- About four billion people don’t use toilet paper
- People in some parts of the world do not use toilet paper due to a lack of trees.
- Some people don’t use toilet paper because they can’t afford it.
- A lot of people would rather not spend money of fancy paper to wipe their behinds.
- Water is the universal solvent, not paper.
- Toilet paper has secondary uses such as nose care, removing makeup, covering toilet seats, packaging material, cleaning mirrors, cleaning glasses, etc.
- Two-ply toilet paper consists of two layers of 10 thickness paper, one ply is made of a 13 thickness paper, and so, two-ply is not necessarily twice the thickness.
- When comparing one-ply and two-ply on average one-ply toilet paper lasts twice as long. One-ply will also tend to break down faster in a septic system.

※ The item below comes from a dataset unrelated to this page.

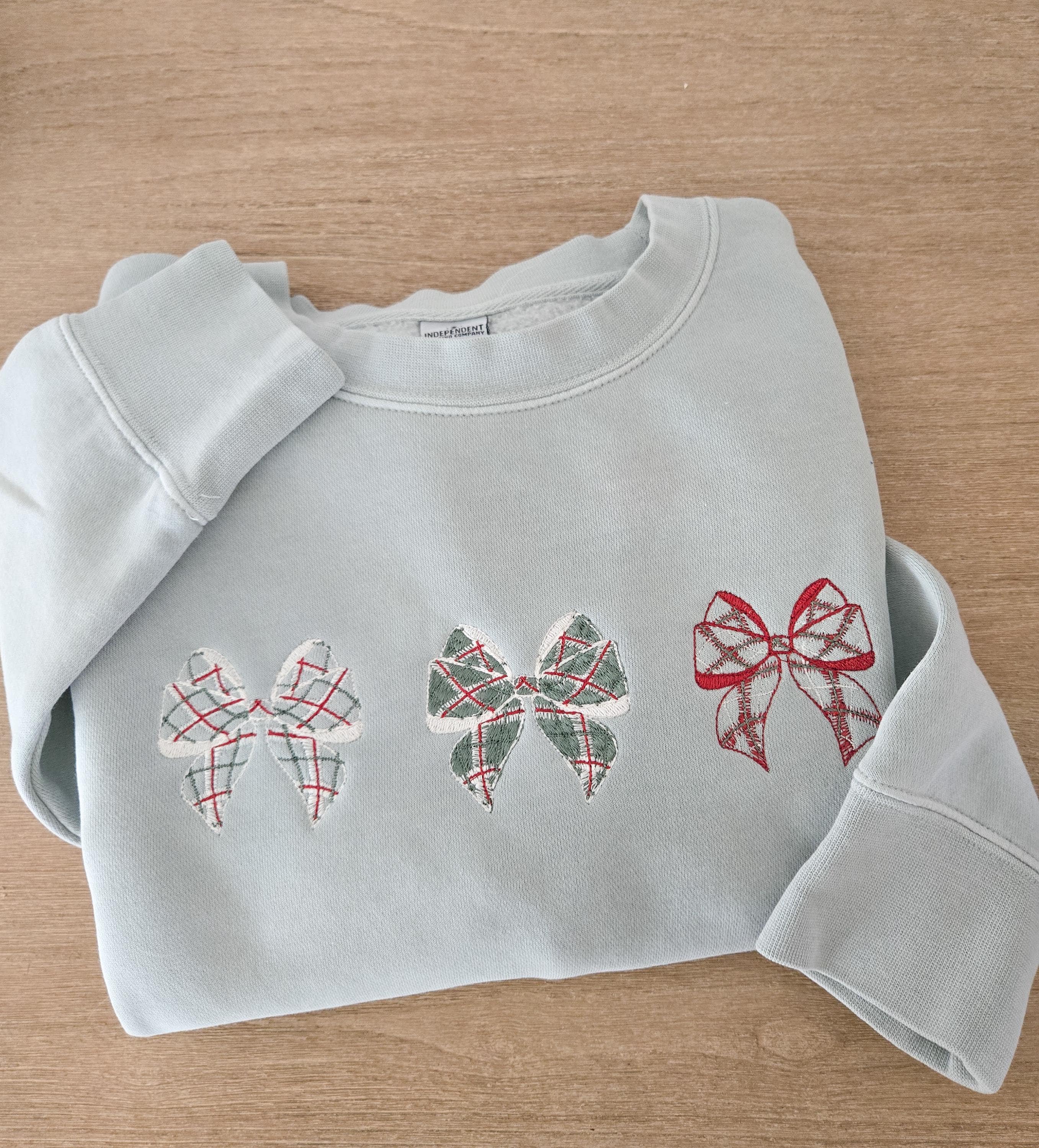 Cozy up in this trendy Christmas bow sweatshirt. Featuring 3 plaid bows made in beautiful reds and greens giving this a very warm Christmas feel. Perfect sweatshirt to wear for holiday dinners, family parties, or just because.

- In an average household, the average roll of toilet paper lasts approximately five days.
- Consumers use approximately 8 – 9 sheets of paper per toilet use.
- We use an average of 57 sheets of toilet paper a day!
- The average roll weighs 227 grams (measurements: 4.5 inches by 4.5 inches per sheet)
- Seven percent of Americans steal rolls of toilet paper in hotels or motels.
- If you hang your toilet paper so you can pull it from the bottom, you’re deemed to be more intelligent than someone who hangs their toilet paper and pulls it from the top.
- It takes about 384 trees to make the toilet paper that one man uses within his lifetime.
- The average person uses 100 rolls of toilet paper per year (over 20,000 sheets).
- The daily production of toilet paper is about 83,048,116 rolls per day.
- Toilet paper is often used for making dresses.
- An average tree weighs 1,000 pounds which would yield 450 pounds of bleached chemical pulp, assuming a 90% converting yield, approximately 810 rolls of toilet paper would be produced from a single tree. (thanks to Don Guay)
- In many countries you do not flush the paper.
- Today, there is in-office machine, which turns used copier paper into toilet rolls, right there in the office.